Иду назад и звоню Марии. Она не вернулась из магазина. Ну и к лучшему. Говорить сейчас ни о чем не хочу. Звоню в похоронное бюро. Старательно-грустный голос отвечает и торжественно-медленно повторяет адрес. В семь сорок пять придет серьезный знающий человек и расскажет, что надо делать. Жалею себя, утешаю и хвалю: молодец, панике не поддался. Пора идти смотреть на тебя. Первый лик смерти. Лоб слишком гладкий. Веки мятые, синеватые. Губы чуть напряжены, словно хотели улыбнуться, но не успели. Нос заострен, подбородок выровнялся - отвислость исчезла. Из рукавов голубого капота видны сведенные судорогой пальцы. Худые ноги и вовсе словно чужие. Будто вообще и не двигались никогда. Что чувствую, сам не знаю.

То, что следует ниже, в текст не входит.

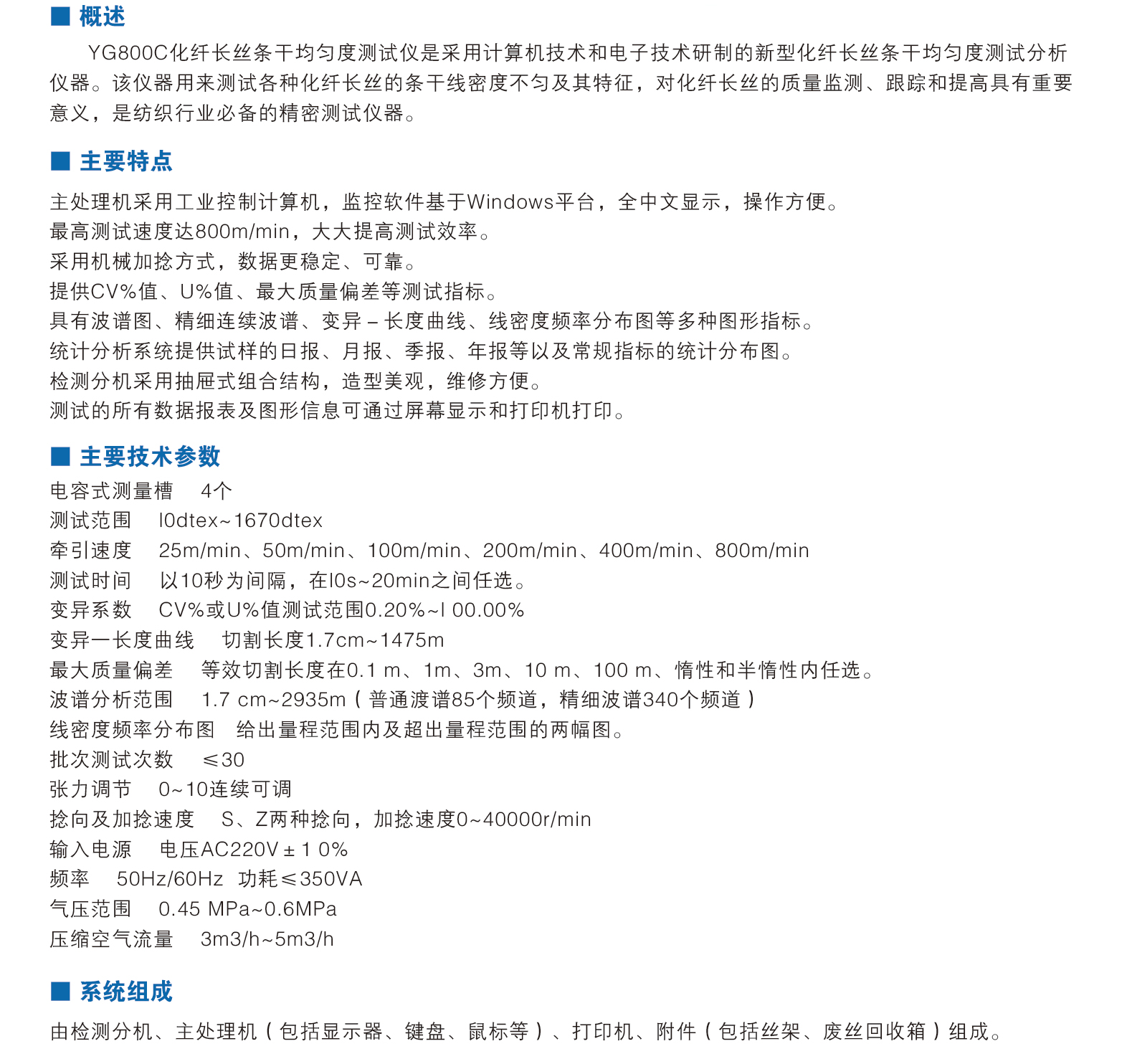 主營(yíng)產(chǎn)品:強(qiáng)力機(jī),長(zhǎng)絲卷縮率測(cè)試儀,化纖檢測(cè)儀器

Надо бы, думаю, разволноваться, чтобы или я поборол волнение, или оно меня. Наверно, надо поцеловать тебя в лоб. Или сесть и в нескольких секундах прочувствовать грусть вечности. Просто подошел, погладил руку. Обойдемся без жестов. Что теперь возьмет верх? Покой? Пустота? Легкость? Страдание? Страдать - не страдаю и не удивляюсь этому.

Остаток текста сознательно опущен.